O período é o Cretáceo. A idade é o Santoniano, há mais ou menos 85 milhões de anos. O local é o noroeste paulista, região de Ibirá, onde viveu um predador cujo nome inspira morte (do grego thánato), mas também o nome de um dos grandes vilões da Marvel, que já deu muito trabalho para a equipe de super-heróis Os Vingadores.
Thanos simonattoi foi um dinossauro carnívoro (terópode) do grupo dos abelissauros (répteis de Abel) que viveu no fim da Era dos Dinossauros em terras brasileiras. Thanos foi descoberto por uma equipe do Museu de Paleontologia ‘Prof. Antônio Celso de Arruda Campos’, na cidade de Monte Alto, e parcialmente descrito em 2014 por paleontólogos da Argentina e do Brasil. No entanto, apenas em 2018 é que seus restos foram completamente descritos por paleontólogos da Unicamp (Dr Rafael Delcourt) e de Monte Alto (Dr Fabiano Iori, também presente na descoberta e descrição parcial de 2014). Esse dinossauro representa uma novidade em termos de Brasil e para o próprio grupo em que faz parte.
No que diz respeito à novidade brasileira, Thanos é a primeira espécie de dinossauro carnívoro descrita formalmente para o Grupo Bauru, unidade geológica do Período Cretáceo Superior.

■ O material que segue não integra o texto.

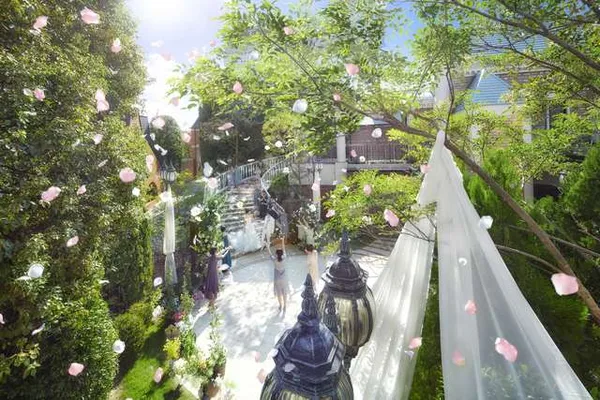 貸しきり空間のガーデンとらせん階段。独立型のチャペルを彩る沢山の付帯設備が特別な空間を演出
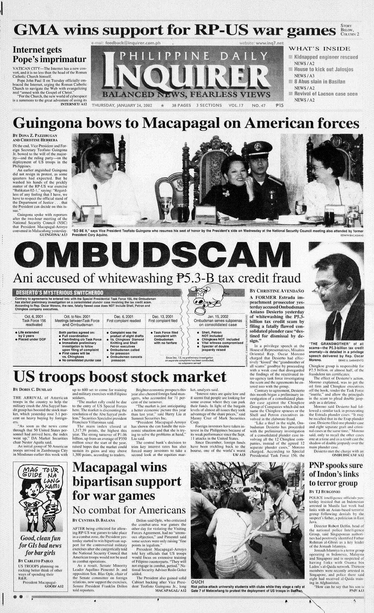 January 24, 2002: Guingona bows to Macapagal on American forces by Philippine Daily Inquirer January 24, 2026
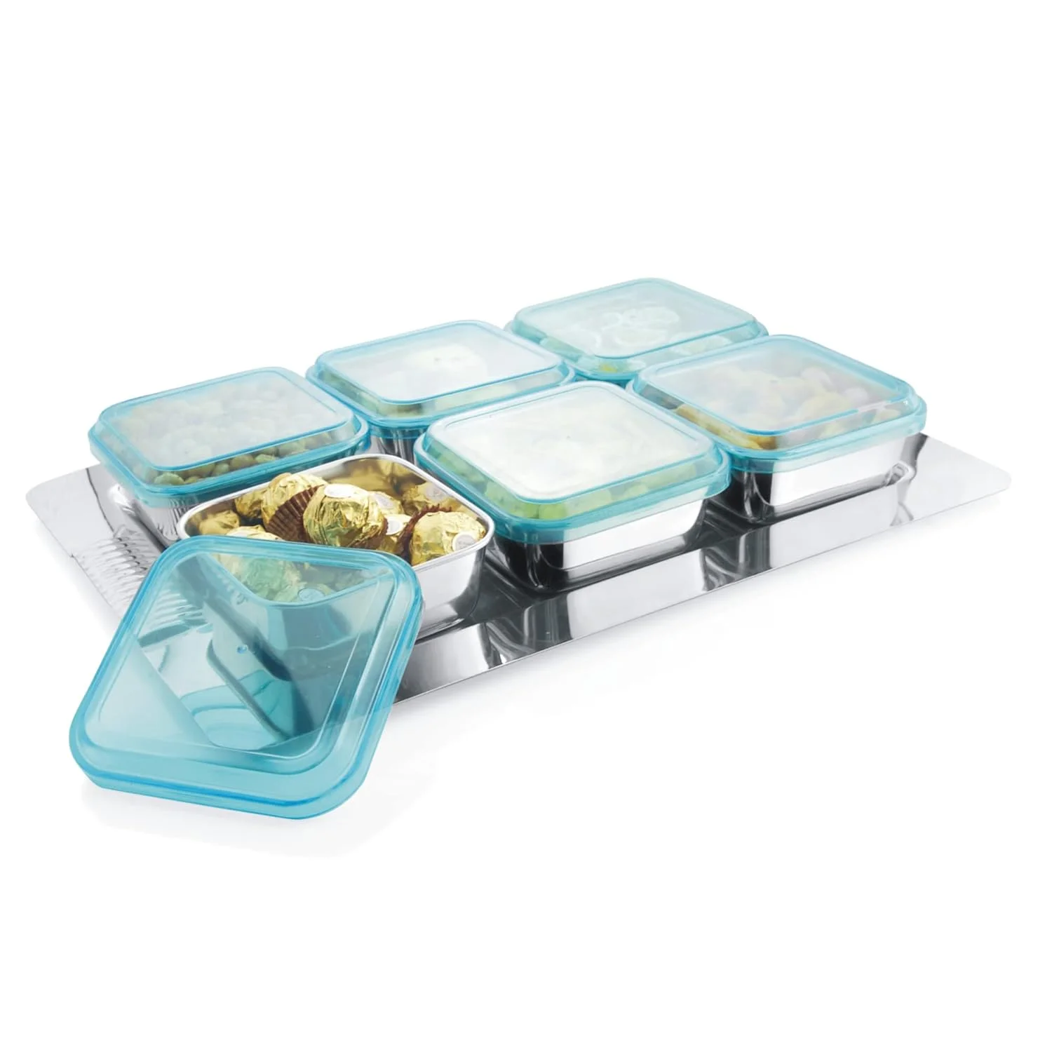 - Package Contains: 7 Pcs Set (1 Tray, 6 Conatiners with lid)

Essa unidade geológica abrange partes dos estados de São Paulo, Minas Gerais, Mato Grosso do Sul, Paraná, Goiás e parte do Paraguai. Até o presente momento eram conhecidas diversas espécies de dinossauros saurópodes (os “pescoçudos”) dessa unidade geológica, como por exemplo o Austroposeidon e o Maxakalisaurus; além de muitas espécies de crocodilos. No entanto, os restos de dinossauros terópodes ainda eram muito escassos e não diagnosticáveis. Thanos, apesar de ser representado por poucos materiais, mudou esse paradigma, e hoje é a primeira espécie de terópode oficial.
Thanos também mudou a visão da morfologia tradicional dos abelissauros, por possuir uma vértebra cervical (do pescoço) mais pneumática que os demais (ou seja, com “buracos” mais fundos), além de possuir um processo ventral em forma de quilha, reforçando a inserção da musculatura do pescoço. Os abelissauros são dinossauros conhecidos também por possuírem estruturas (chifres e tecido córneo) na cabeça, além de pescoços muito fortes, fazendo com que os bichos pudessem dar cabeçadas em outros rivais ou em presas. Essas cabeçadas não seriam como as dos bodes ou touros, mas sim lembrando iguanas marinhas e girafas. No caso, provavelmente os abelissauros são os únicos dinossauros carnívoros que poderiam ter esse tipo de comportamento, justamente pela presença dessas estruturas. Embora não se tenha encontrado material craniano do Thanos, é bem provável que ele tivesse alguma ornamentação na cabeça, como seu famoso primo Carnotaurus, da Argentina.
A classificação do Thanos é a mesma do Carnotaurus, Skorpiovenator, (ambos da Argentina) e do Pycnonemosaurus, que viveu também no Brasil alguns milhões de anos depois, na região do Mato Grosso. Portanto, juntamente com essa espécie, Thanos e Pycnonemosaurus, são as únicas espécies de abelissauros descritas para o Brasil.
Um outro fato curioso é que Thanos, apesar de ser um grande predador (entre 5.5 e 6.5 metros de comprimento), não foi o maior da região, mas sim um terópode do grupo dos megaraptores, que poderia alcançar aproximadamente 9 metros de comprimento. Dessa forma, o dinossauro de Ibirá tinha que competir (ou fugir) de predadores maiores e talvez mais mortíferos. A expectativa é que novos trabalhos de campo com as equipes da Unicamp e de Monte Alto possam recuperar mais materiais do Thanos, e quem sabe encontrar novas espécies. Ainda há muito o que se fazer e muitos materiais para serem encontrados.
*Rafael Delcourt é aluno de pós doutorado do Instituto de Geociências da Unicamp.